*What the task asks*: When you copy the listing, reproduce each line as it appears and omit every image.

*Information shown*:

▬▬▬▬▬▬▬▬▬▬

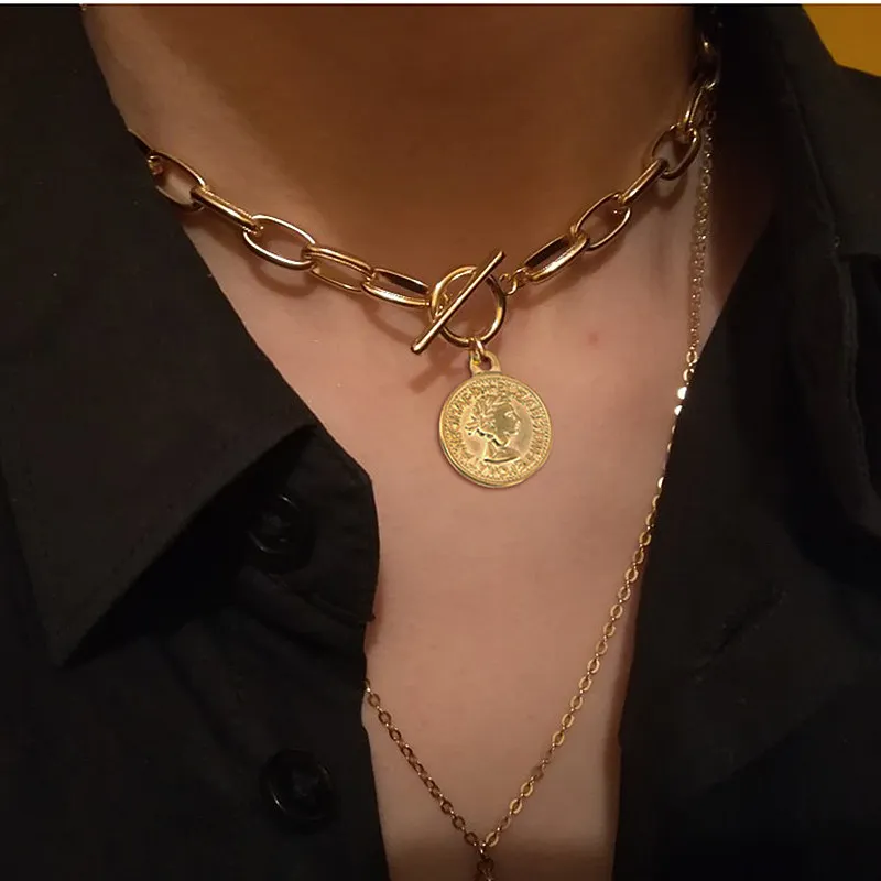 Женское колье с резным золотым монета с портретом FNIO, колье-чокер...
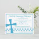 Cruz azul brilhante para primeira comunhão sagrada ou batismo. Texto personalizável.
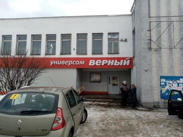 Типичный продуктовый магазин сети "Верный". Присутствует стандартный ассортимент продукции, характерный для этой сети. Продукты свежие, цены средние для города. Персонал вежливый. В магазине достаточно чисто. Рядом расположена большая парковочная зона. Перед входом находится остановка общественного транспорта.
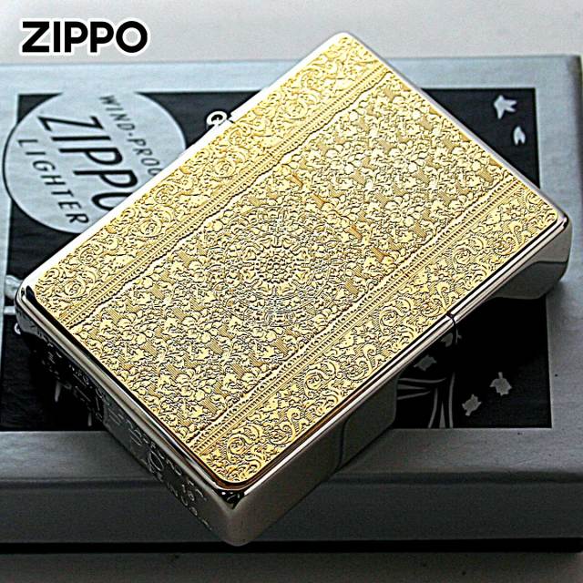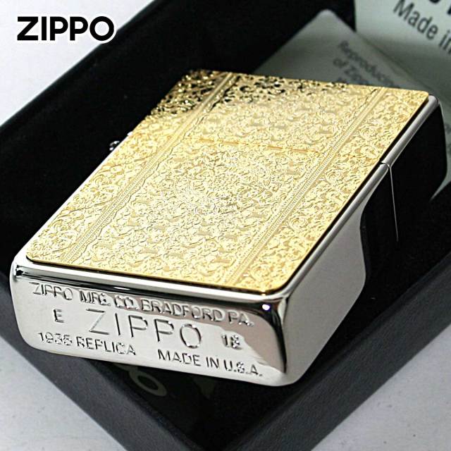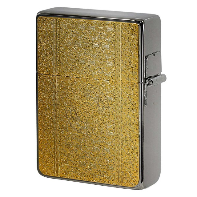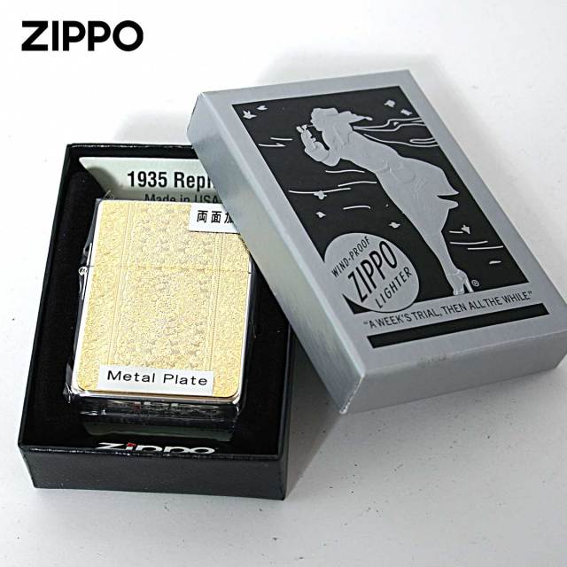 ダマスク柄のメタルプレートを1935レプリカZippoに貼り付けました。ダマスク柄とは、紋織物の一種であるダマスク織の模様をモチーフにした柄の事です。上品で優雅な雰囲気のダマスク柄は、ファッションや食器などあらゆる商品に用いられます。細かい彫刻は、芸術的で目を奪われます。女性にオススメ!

▬▬▬▬▬▬▬▬▬▬

*Output for this exercise*:
 Женское колье с резным золотым монета с портретом FNIO, колье-чокер...
 Cruz azul brilhante para primeira comunhão sagrada ou batismo. Texto personalizável.
 Типичный продуктовый магазин сети "Верный". Присутствует стандартный ассортимент продукции, характерный для этой сети. Продукты свежие, цены средние для города. Персонал вежливый. В магазине достаточно чисто. Рядом расположена большая парковочная зона. Перед входом находится остановка общественного транспорта.
 ダマスク柄のメタルプレートを1935レプリカZippoに貼り付けました。ダマスク柄とは、紋織物の一種であるダマスク織の模様をモチーフにした柄の事です。上品で優雅な雰囲気のダマスク柄は、ファッションや食器などあらゆる商品に用いられます。細かい彫刻は、芸術的で目を奪われます。女性にオススメ!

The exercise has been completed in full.